Personal and Professional Investment
Actors in SPP social worlds entered them for various reasons and expressed different levels of investment in them (managers and facilitators unsurprisingly voicing the strongest ideological commitment). Many of the HR-managed (as opposed to some Faculty run) programs were voluntary; however, attendance on all HR-run SSPs was recorded on the staff member’s personal and professional record and required the approval of a line manager. Participants spoke of a variety of prompts and incentives, which had motivated them to attend particular courses, including taking time out, developing their career, and acting on the recommendation of a mentor or manager. Staff from corporate services in particular saw SSPs as a chance to up-skill in preparation for the next career move; for example, “I wanted to move forward with my career . . . so I went in thinking ‘I’ll make it work for me,’” and “Although you’re embedded in the contract you’re always thinking of what the next step is where you will be going.” The type of course recommended or offered to staff largely mirrored rank within the organization (Kezar and Lester 2009; Mumford, Campion, and Morgeson 2007), so being put forward for a leadership course could feel quite an achievement: “My line manager put me forward. . . . It’s quite a popular program, so it was quite flattering.”
Corporate service staff, most of whom followed “nomadic” career paths (Fixsen, Cranfield, and Ridge 2017), expressed few opinions about changes within the organization under study. Academics’ views concerning working life and job mobility were more critical, while redundancies and restructuring had left many with an attitude of cynical weariness. None spoke of leaving academia completely and those seeking career progression tended to seek it internally rather than in another place of work. As one senior female academic explained, moves between academic institutions generally applied to the young.
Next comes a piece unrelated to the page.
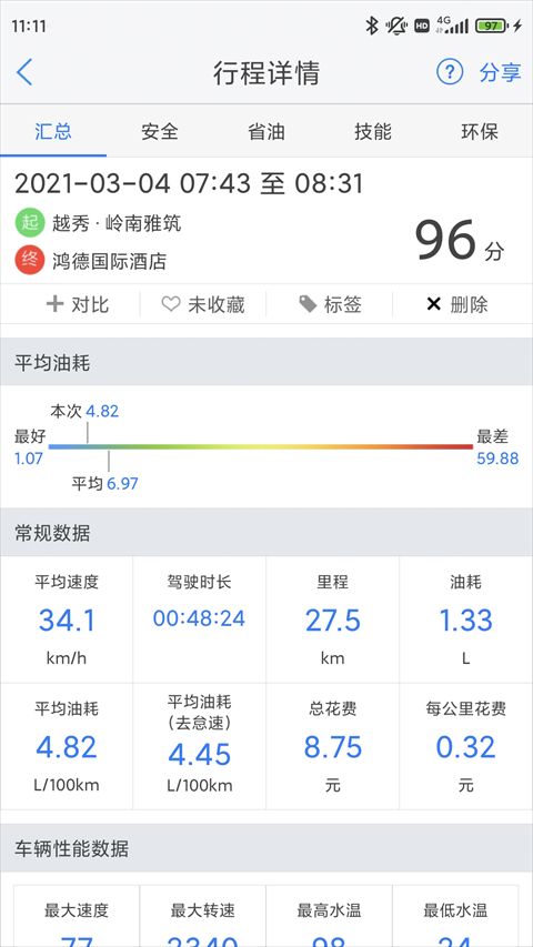 對(duì)每條行程各方面數(shù)據(jù),包括出發(fā)時(shí)間、到達(dá)時(shí)間、起點(diǎn)位置,終點(diǎn)位置,里程數(shù),平均油耗,速度,時(shí)長(zhǎng),得分,行為統(tǒng)計(jì),路線記錄等進(jìn)行詳細(xì)記錄;提供汽車檢測(cè)功能,讓用戶了解車輛的健康程度;提供保養(yǎng)記錄功能,為自己的車輛進(jìn)行檔案記錄;行程電腦只能在車上查看數(shù)據(jù),但優(yōu)駕可以隨時(shí)隨地查看數(shù)據(jù);在經(jīng)濟(jì)型的汽車上使用優(yōu)駕,能獲得與高端汽車行車電腦同等甚至更高級(jí)的功能。

Nevertheless several academics spoke about the importance of engaging in (and being seen to be engaged in) professional development; for example, “You must market and promote yourself, that’s the world we are in,” and “One does everything to be primed for any opportunities that come up.” In addition, a number of the academics on SSPs were “career hybrids” (Garoupa and Ginsburg 2011), combining faculty posts with other business roles. This suggests that the type of careerism emerging within HE is increasingly complex, with academics engaging in attempts to develop their role as entrepreneurial agents while maintaining their academic identity (Knights and Clarke 2013).
Self-Care and Gender
While some had attended SSPs purely for work or career reasons, most participants regarded their time on SSPs as time out or “me time”; for example, “It was a useful opportunity I think to get out of the office, and to look at the issues in my working life and say, ‘What do you really want?’” Residential events in particular were viewed as chances to focus on self and “to go out of university and out of that brain space.” Maintaining a distinction between course activities and the workplace was emphasized by facilitators, one of whom said, “don’t bring any work, don’t do anything.” Nevertheless some (especially academics) admitted that, with pressing deadlines to meet, they had left in the breaks and breached the SSP rules to look at emails or attend meetings.
Different self-care practices were used on SSPs, such as self-reflection, mindfulness and self-compassion, resilience, and assertiveness training. Several participants interviewed (both academic and corporate service staff) felt that these practices helped with self-awareness and self-confidence; for example, “I think I’m relatively aware of things I’m less strong at, like assertiveness, confidence; “I wouldn’t say that I am pushover but I think that I usually will be more inclined to find a solution that suits the other person better than for myself.”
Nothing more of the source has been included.